Republicans and Democrats haven’t been this aligned on policy since the Eisenhower ’50s.
By George F. WillJuly 19, 2024 at 7:00 a.m. EDTThe consensus that the nation is politically polarized is indisputable only because it is undisputed. Granted, there is cultural polarization about this and that — pronouns, bathrooms, indoctrination masquerading as education, etc. Politically, however — regarding government’s proper scope and actual competence — there is deepening bipartisan agreement. Unfortunately.
Concerning the broad contours of public policy, there is a disturbing convergence. Programmatically, the parties are more aligned than they have been since the 1950s, when President Dwight D. Eisenhower caused Republicans to accept the permanency of the New Deal’s legacy: a transfer-payment state (Social Security, soon to include Medicare and much more) and federal supervision of the economy.
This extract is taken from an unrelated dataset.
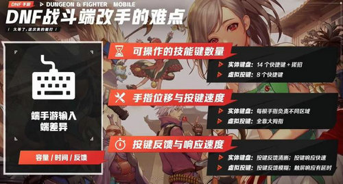 A:我们通过一些优化努力保留了这些原汁原味的设定到手机上。为了照顾大家的的手游操作,DNF手游设计了一键连招和滑屏设计到手机上。
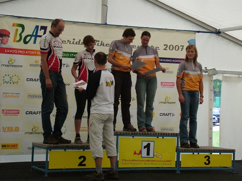 A teď konečně k výsledkům: Triumf Ekonomu v kategorii mixů se dal očekávat už po sobotě, i když významnější než průběžná kompletně obsazená bedna našimi dvojicemi byl čtyřicetibodový náskok Mirka s Markétou. V kategorii mixů existuje několik dvojic silných fyzicky a několik mapově, ale skloubit obojí na velmi vysoké úrovni zatím nikdo jiný nedokáže. To ukázala i druhá etapa, kterou také vyhráli – opět s výrazným náskokem, i když především před třetími v pořadí – na druhé místo se překvapivě dostali Michal a Dana Spudilovi z SP KOLO (což vzhledem k tomu, že SP KOLO je také partnerem našeho oddílu, je téměř ideální – protože na stupních vítězů jsou tím pádem vidět dresy obou sponzorů – společností ET NETERA a SP KOLO). Třetí místo pak patřilo opět Ekonomu, Pavlovi Sýkorovi s Adélou Boudíkovou. (Adéla má nějaké štěstí na spolujezdce, kteří potřebují odjet z místa závodů již před vyhlášením, na Ruské ruletě Karel Procházka na stupních vítězů také chyběl :-) Tyto výsledky znamenaly také potvrzení papírových předpokladů a vítězství v soutěži týmů, do níž se nakonec nezapočítával ani výsledek mixu na 5. místě Martin Sajal a Vendula Blažková (tím pádem jsem asi v roli nebodujícího kapitána :-). V kategorii mužů totiž výborným nedělním výkonem a druhým místem v etapě poskočili z třetí desítky na 5. místo v mužích Míra Seidl s Petrem Cvengrošem a při použití přepočítávacího koeficientu měli o 3,4 bodu více. Velký podíl na vítězství našeho týmu má ale také Báža Lepšík jakožto pořadatel Sixnumbers - nebýt jeho závodů, žádná z těchto dvojic by za Ekonom nejela (neboť tam jsem se poznal jak s Petrem, tak s Mirkem a Markétou, a ti zas přivedli Adélu...).

The Republicans’ 1964 nominee, Barry Goldwater, expressed a growing exasperation with ideological homogenization, promising “A choice, not an echo.” He initiated an epochal divergence between the parties, which culminated 16 years later.
Today, beneath the frothy partisanship, Republican progressivism echoes the Democrats’. Both parties favor significant expansions of government’s control of economic activity and the distribution of wealth. Both promise to leave unchanged the transfer-payment programs (Social Security, Medicare) that are plunging toward insolvency, and driving unsustainable national indebtedness.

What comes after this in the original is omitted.